START Records for the exercise
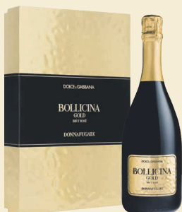
Bollicina Gold Brut Rosé con scatola Sicilia Doc Metodo Classico Nerello Mascalese
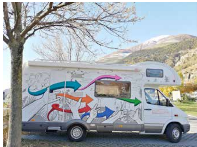
Camper Mobile Jugendarbeit Vinschgau

Wer wissen möchte wo die Mobile Jugendarbeit unterwegs ist, findet alle aktuellen Infos auf Facebook und Instagram.
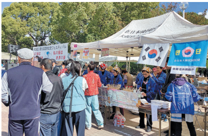
秋晴れの下、出店の韓国料理を味わう参加者
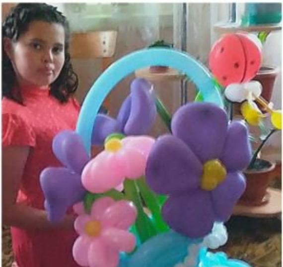
Мои руки не для скуки!
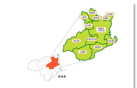
定住自立圏のイメージ
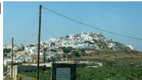
Colina de Santorini sobre a Caldera

dos membros prepararam uma apresentação temporal da outorga de Michael no 606. Foi uma empreitada difícil, mas agora podemos ter um vislumbre do difícil trabalho que os Medianos tiveram em editar a história de Jesus. Tudo parece muito importante e de valor para ser relatado. Apresentamos a linha de tempo até aos 29 anos do Mestre e foi quando ficamos com fome. Então fizemos uma pausa para jantar que foi precedido por uma prece. Não foram
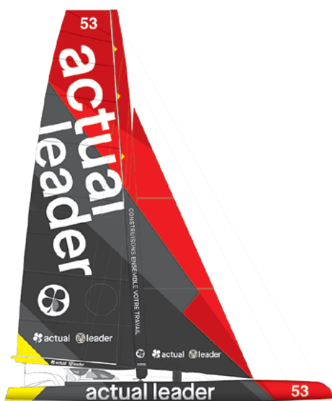
Actual Leader Ultim

De nouveaux foils pour améliorer les performances du bateau, sans toucher au bateau !
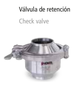
Válvula de retención Check valve
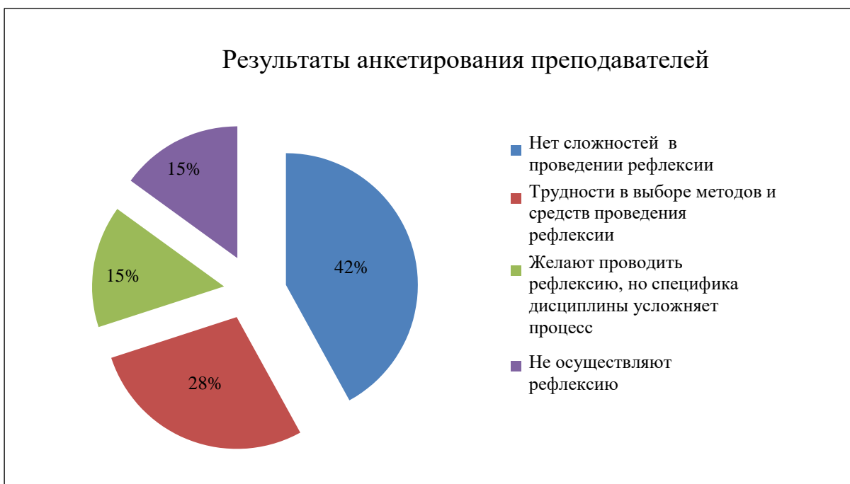
Рисунок 1 – Исследование характера затруднений в проведении рефлексии у преподавателей
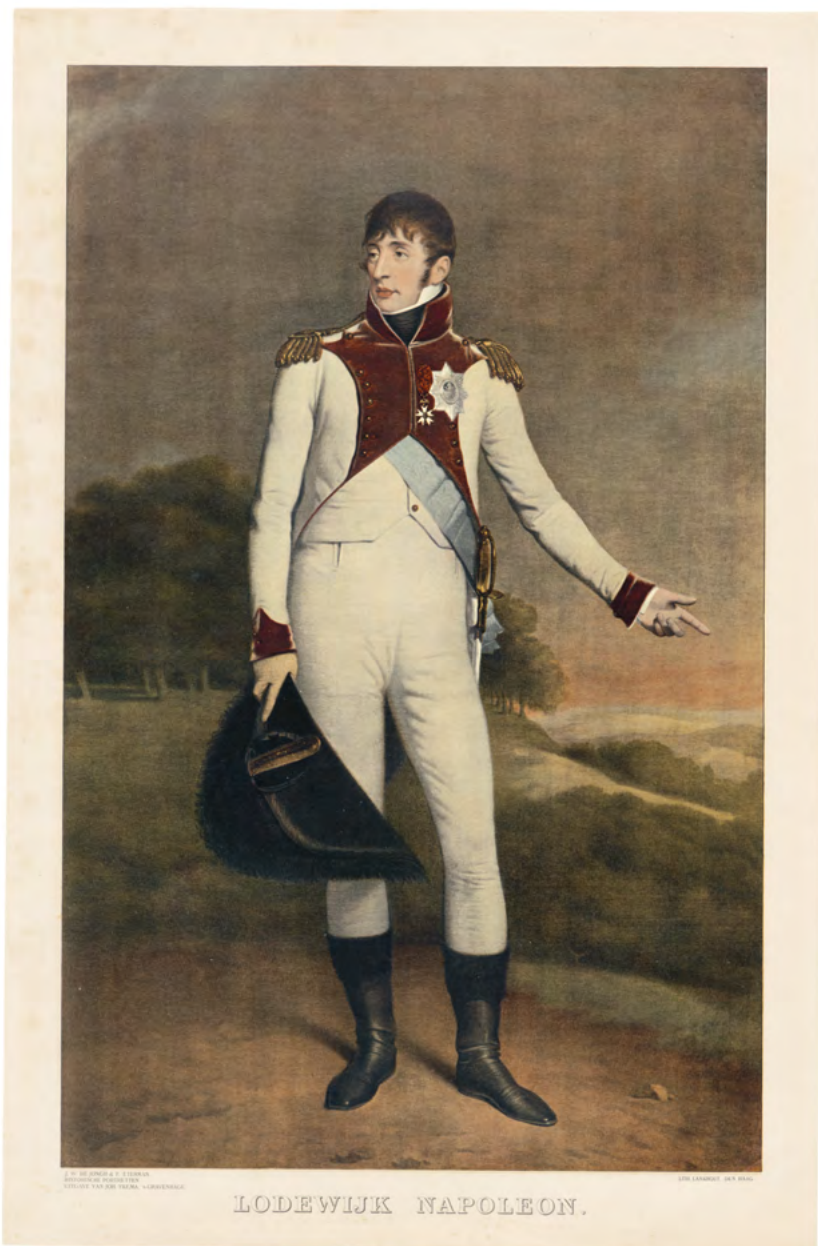
Lodewijk Bonaparte (1778-1846), koning van Holland. Schilderij door Charles Howard Hodges, 1809
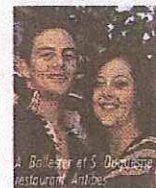
A. Bole... et S. Dou... restaurant, Ambas
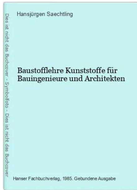
Baustofflehre Kunststoffe... 1985
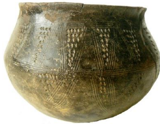
Obr. 35: Příklad nádoby zdobené trojúhelníky vyplněnými klinovými vpichy, Lužice h. 55.
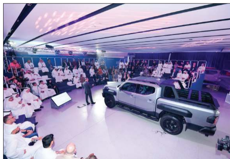
جانب من العرض
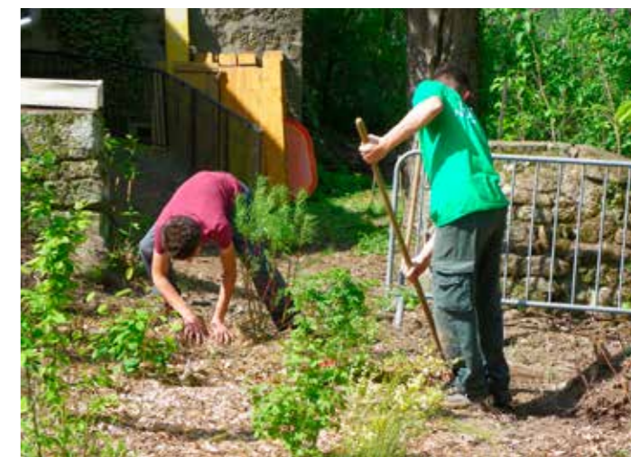
Plantation et paillage
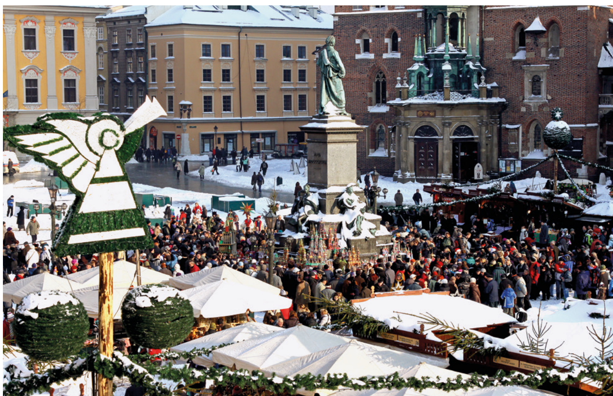
68. Konkurs na najpiękniejszą szopkę krakowską, Rynek Główny, 3 grudnia 2010 r.

ważny temat historii kościołów zbudowanych w Nowej Hucie po 1949 roku. W tym „mieście bez Boga”, jak w okresie PRL mówiono o Nowej Hucie, dzięki wysiłkowi Kościoła i staraniom wiernych postawiono 10 świątyń. Ekspozycja z jednej strony odniosła się do dorobku architektonicznego twórców tych budowli, z drugiej strony przybliżyła wysiłek lokalnych społeczności, skupionych wokół nowohuckich parafii, który doprowadził do budowy kościołów-budynków i żywych wspólnot. Na wystawie i w towarzyszącym jej katalogu zgromadzono bardzo obszerny zestaw dokumentów, fotografii i planów związanych z historią nowo-
END Records for the exercise
◆ **Your goal**
Print all records verbatim, excluding pictures.

◆ **Solution for this task**
Bollicina Gold Brut Rosé con scatola Sicilia Doc Metodo Classico Nerello Mascalese
Camper Mobile Jugendarbeit Vinschgau

Wer wissen möchte wo die Mobile Jugendarbeit unterwegs ist, findet alle aktuellen Infos auf Facebook und Instagram.
秋晴れの下、出店の韓国料理を味わう参加者
Мои руки не для скуки!
定住自立圏のイメージ
Colina de Santorini sobre a Caldera

dos membros prepararam uma apresentação temporal da outorga de Michael no 606. Foi uma empreitada difícil, mas agora podemos ter um vislumbre do difícil trabalho que os Medianos tiveram em editar a história de Jesus. Tudo parece muito importante e de valor para ser relatado. Apresentamos a linha de tempo até aos 29 anos do Mestre e foi quando ficamos com fome. Então fizemos uma pausa para jantar que foi precedido por uma prece. Não foram
Actual Leader Ultim

De nouveaux foils pour améliorer les performances du bateau, sans toucher au bateau !
Válvula de retención Check valve
Рисунок 1 – Исследование характера затруднений в проведении рефлексии у преподавателей
Lodewijk Bonaparte (1778-1846), koning van Holland. Schilderij door Charles Howard Hodges, 1809
A. Bole... et S. Dou... restaurant, Ambas
Baustofflehre Kunststoffe... 1985
Obr. 35: Příklad nádoby zdobené trojúhelníky vyplněnými klinovými vpichy, Lužice h. 55.
جانب من العرض
Plantation et paillage
68. Konkurs na najpiękniejszą szopkę krakowską, Rynek Główny, 3 grudnia 2010 r.

ważny temat historii kościołów zbudowanych w Nowej Hucie po 1949 roku. W tym „mieście bez Boga”, jak w okresie PRL mówiono o Nowej Hucie, dzięki wysiłkowi Kościoła i staraniom wiernych postawiono 10 świątyń. Ekspozycja z jednej strony odniosła się do dorobku architektonicznego twórców tych budowli, z drugiej strony przybliżyła wysiłek lokalnych społeczności, skupionych wokół nowohuckich parafii, który doprowadził do budowy kościołów-budynków i żywych wspólnot. Na wystawie i w towarzyszącym jej katalogu zgromadzono bardzo obszerny zestaw dokumentów, fotografii i planów związanych z historią nowo-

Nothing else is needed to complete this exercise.